Mevrouw Veenendaal (VVD):

Dat moet je dan koppelen aan het bericht dat het jou ook kan overkomen. Het is belangrijk dat gezonde mensen zich realiseren dat hen of hun kind morgen iets kan overkomen. Dan wil betrokkene misschien op een transplantatielijst komen. Tijdens het algemeen overleg over het ADR-systeem liet een man mij foto's zien die dateerden van de periode dat hij leed aan een leverkwaal. De moeder sprak haar blijdschap uit over de gang van zaken. Als iemand die zo iets heeft meegemaakt dat in een programma kan laten zien, zal daar een positief effect van uitgaan, omdat mensen zich realiseren dat het hen ook kan overkomen. Ik ben het dus met u eens.

Misschien kan op het formulier om donatie te doen, de vraag als eerste worden gesteld: wilt u ontvangen en wilt u, in vervolg daarop, ook geven? Wij hebben hierover een motie ingediend met GroenLinks.

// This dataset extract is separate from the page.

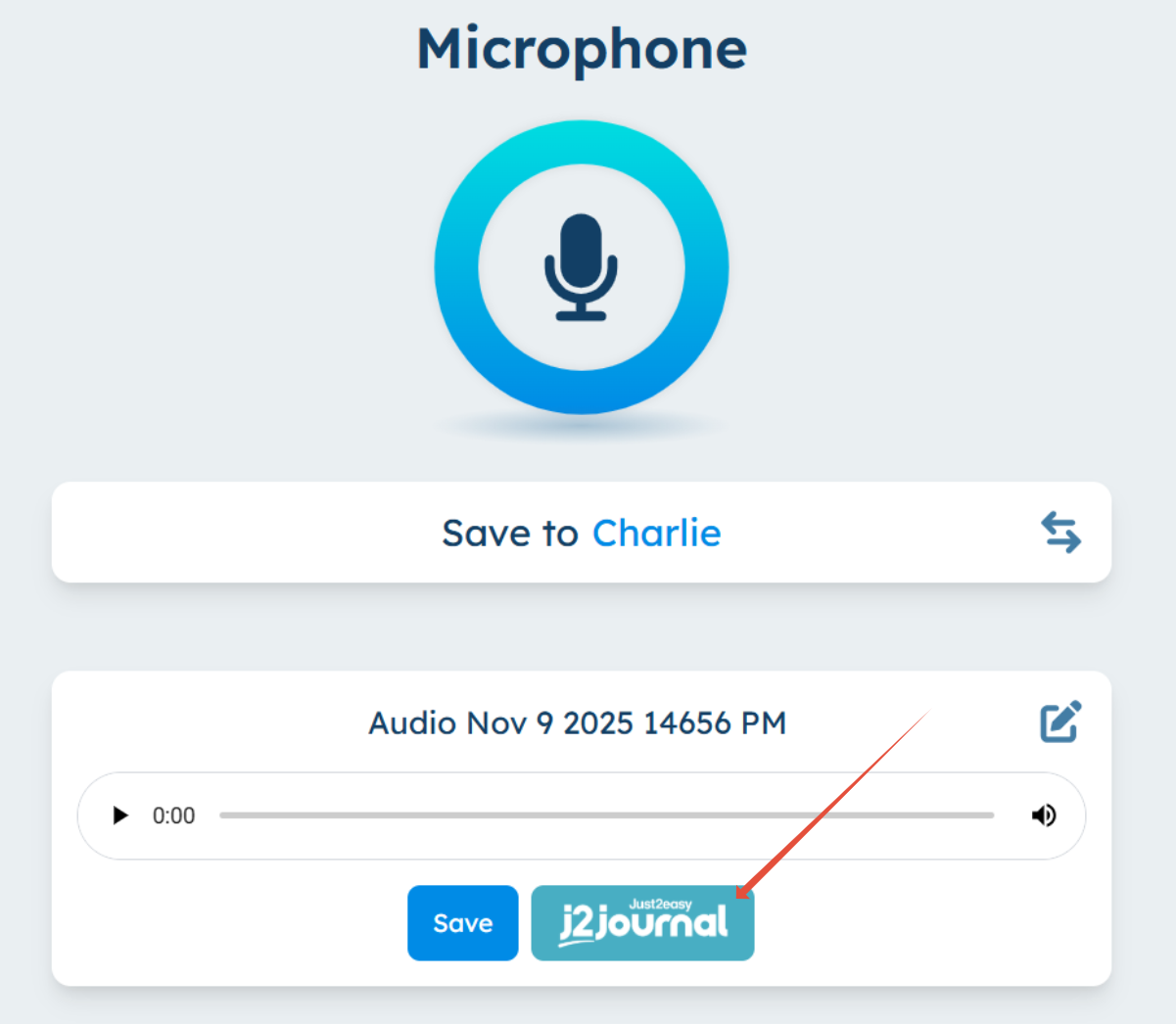 Record content as normal and then click on the j2journal button that will appear after recording.

Ik heb net als mevrouw Lambrechts positief gereageerd op financiële prikkels. Ik denk dat zorgverzekeraars interesse hebben bij transplantatie, omdat zij heel veel kosten hebben bij mensen die aan dialyse liggen en omdat zij erbij gebaat zijn als wij meer organen ter beschikking hebben. Buiten dat is de conditie van ieder mens veel beter, als je in een eerder stadium een transplantatie kunt doen, omdat je meer organen ter beschikking hebt. De kans dat de organen afgestoten worden, is dan ook een stuk kleiner. Bij niertransplantaties gebeurt dat soms wel twee of drie keer. Dan zou je misschien met een keer kunnen volstaan, maar dan moet je wel eerst een groter reservoir hebt waaruit je die organen kunt halen. Als je ze niet hebt, kun je dat ook niet doen. Ik denk dat dit ook heel erg zou helpen.

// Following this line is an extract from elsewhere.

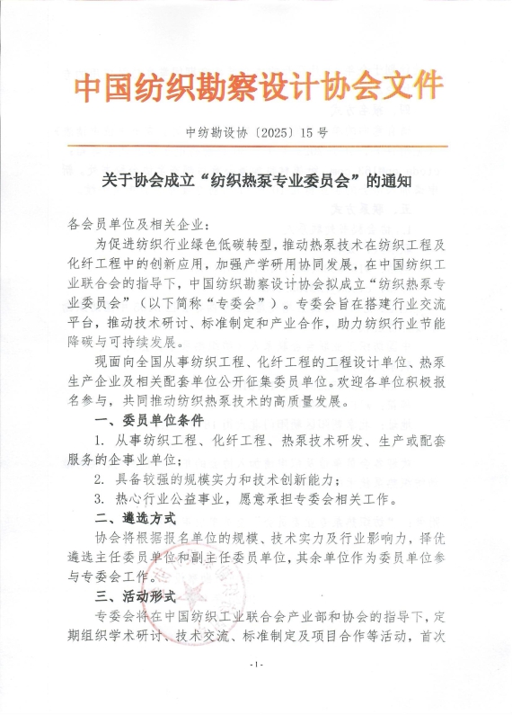 关于协会成立“纺织热泵专业委员会”的通知
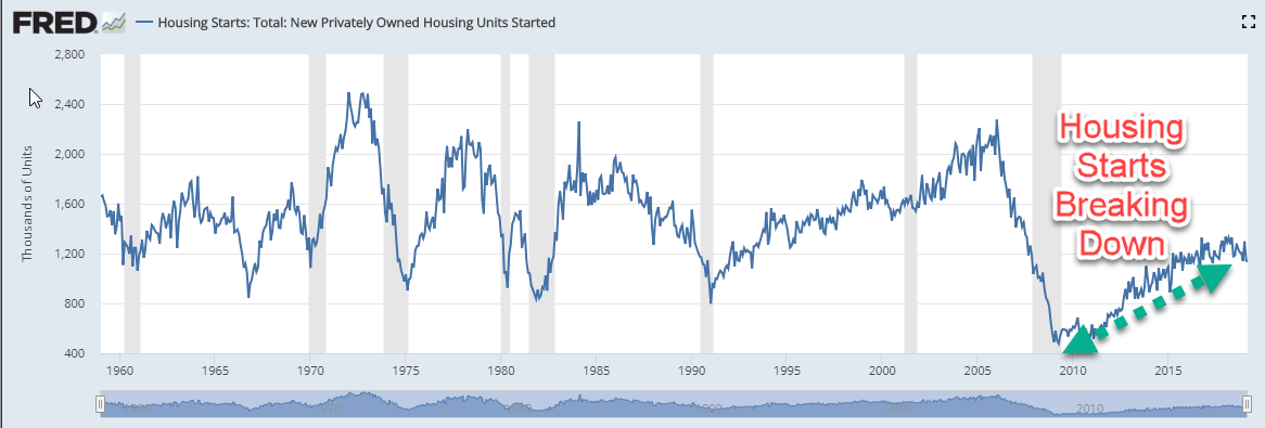 One of the better leading economic indicators is housing starts and that dropped sharply in March. This followed a big drop in February where the market was expecting a large increase and got blind sighted with a 9% drop. Overall, housing starts are sitting 2 years lows. Homebuilders (XHB) are doing respectably in 2019, but far from all-time highs.

Over het algemeen zijn wij tevreden over de wijzigingen.

Mevrouw Kant (SP):

Er lopen twee dingen door elkaar. Ik ben het met u eens dat het financieel aantrekkelijk is om zoveel mogelijk donoren beschikbaar te hebben en donaties te kunnen laten plaatsvinden, omdat je daarmee kosten bespaart in de zorg. Dat is een van de vele argumenten waarom wij voorstander waren van een actief donorregistratiesysteem. Wij denken dat dit meer oplevert.

U bedoelt nu een financiële prikkel voor mensen om een beslissing te nemen. Dat begrijp ik niet zo goed. Ik ben voor alle maatschappelijke dingen die wij kunnen bedenken, zodat mensen worden gemotiveerd om een beslissing te nemen, maar niet voor een financiële prikkel.

Mevrouw Veenendaal (VVD):

U hoeft een financiële prikkel niet zo uit te leggen dat er € 10 over de toonbank gaat. Een financiële prikkel kan ook zijn dat de zorgverzekeraar tegen mensen zegt dat zij een jaar lang korting krijgen als zij naar het zwembad gaan of gaan fitnessen. Als wij zo'n koppeling maken, is dat ook een financiële prikkel.

Mevrouw Kant (SP):

Dat is voor mij hetzelfde als wanneer het rechtstreeks over de toonbank gaat, omdat mensen financieel worden beloond voor het nemen van een beslissing inzake orgaandonatie. Dat gaat mij echt te ver.

Mevrouw Veenendaal (VVD):

Nu omschrijft u het als het nemen van een beslissing. Mevrouw Lambrechts heeft dit heel duidelijk gezegd en ik herhaal wat ik altijd heel duidelijk heb gezegd: het gaat erom dat mensen bereid zijn om zich te laten registreren en niet hoe zij zich laten registreren.

Mevrouw Kant (SP):

Ja, maar dat wilt u koppelen aan een financiële prikkel.

Mevrouw Veenendaal (VVD):

Ja, als dat een mogelijkheid is om meer mensen tot registratie te brengen, ben ik daar een voorstander van.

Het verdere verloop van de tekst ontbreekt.